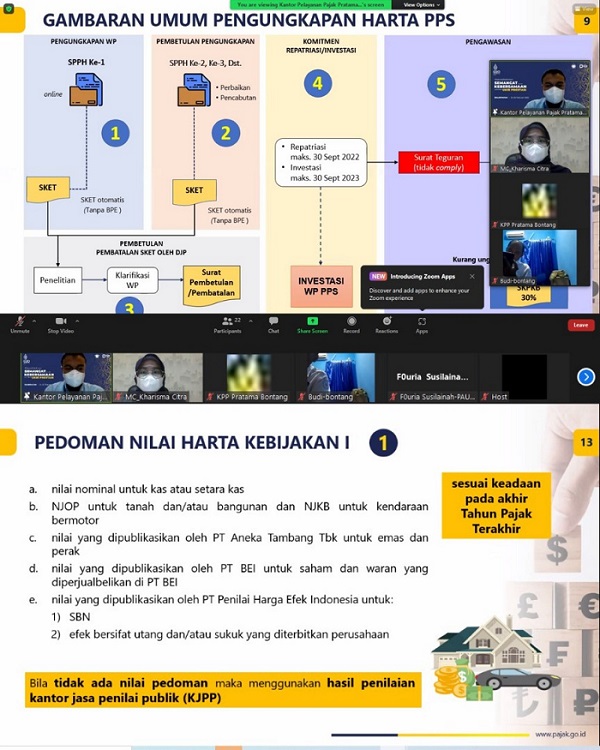Kantor Pelayanan Pajak (KPP) Pratama Bontang mengajak nasabah prioritas BPD Kaltimtara cabang Bontang untuk memanfaatkan fasilitas Program Pengungkapan Sukarela (PPS) yang menjadi program Direktorat Jenderal Pajak (DJP) tahun 2022 melalui Zoom Cloud Meetings di Kota Bontang (Rabu, 9/3).
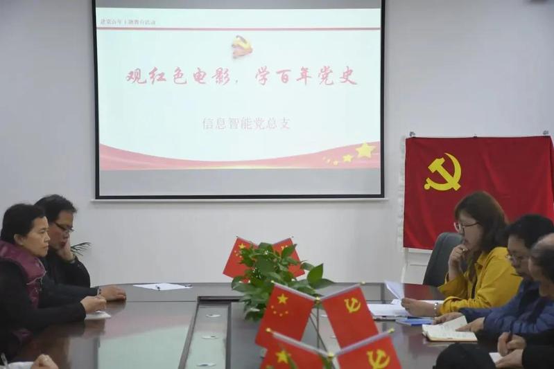为庆祝中国共产党成立100周年,大力弘扬爱国主义精神,认真学习贯彻习近平总书记在党史学习教育动员大会上的重要讲话精神,信息智能第一党支部于4月14日12:00在9-306开展了“看红色电影,忆峥嵘岁月”主题活动。本次会议由支部书记赵欣老师主持,学院全体教师参与其中。
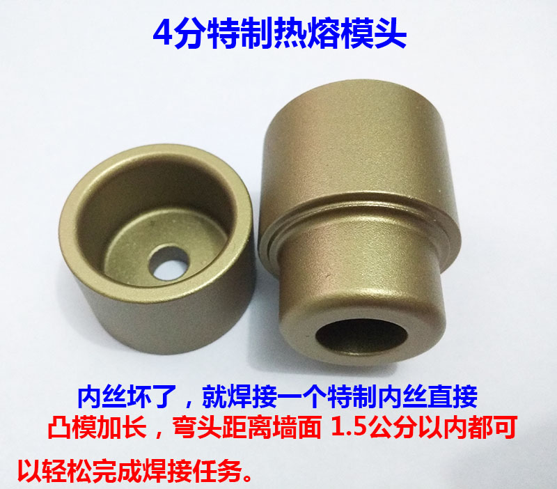 特别提示:本加长加厚模头是凹模底部加长,凹模加长后的总高度是7CM ,焊接水管的热熔水管部分的尺寸加厚但长度不变。简单地说就是常用的加厚模头加高了,目的是为了伸进墙里焊接水管。 有不懂的及时咨询我们
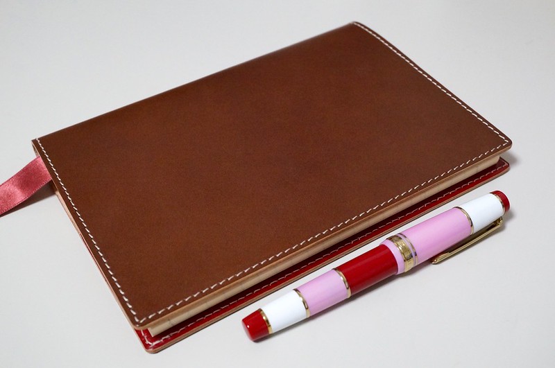 これに追加料金でこまかいカスタマイズを加えて、内側ポケットやペンホルダーや栞紐等々の手帳カバー的なパーツをいろいろと足すことができるわけです。
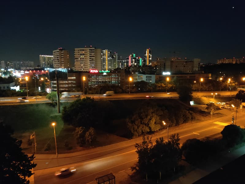 В ночном режиме камера делает и сшивает воедино несколько последовательных снимков, пытаясь ликвидировать результат дрожания рук. Результат получается светлым и адекватно передает источники освещения и подсвеченные участки, но показывать его можно только в виде миниатюры (желательно на экране смартфона и издалека), поскольку светочувствительность снимков для короткой выдержки задирается до неадекватных значений и деталей на снимке просто не остается. В то же время, при съемке ночью в обычном режиме, если вы сумеете компенсировать дрожание рук при относительно длинной выдержке, смартфон выдает очень хорошую картинку, уступающую разве что специализированным ночным режимам флагманов. Таким образом, для обоих возможных сценариев ночной съемки смартфон подходит очень хорошо.
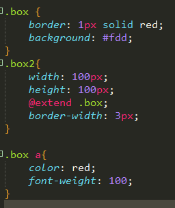 选择器继承是说一个选择器可以继承为另一个选择器定义的所有样式。这个可以通过@extend 语法实现。
+ + + + +
WHAT NEEDS TO BE DONE:
With the pictures left out, copy exactly the lines from the one containing "В ночном режиме" through the last line of the data.

PROBLEM SOLUTION:
 В ночном режиме камера делает и сшивает воедино несколько последовательных снимков, пытаясь ликвидировать результат дрожания рук. Результат получается светлым и адекватно передает источники освещения и подсвеченные участки, но показывать его можно только в виде миниатюры (желательно на экране смартфона и издалека), поскольку светочувствительность снимков для короткой выдержки задирается до неадекватных значений и деталей на снимке просто не остается. В то же время, при съемке ночью в обычном режиме, если вы сумеете компенсировать дрожание рук при относительно длинной выдержке, смартфон выдает очень хорошую картинку, уступающую разве что специализированным ночным режимам флагманов. Таким образом, для обоих возможных сценариев ночной съемки смартфон подходит очень хорошо.
 选择器继承是说一个选择器可以继承为另一个选择器定义的所有样式。这个可以通过@extend 语法实现。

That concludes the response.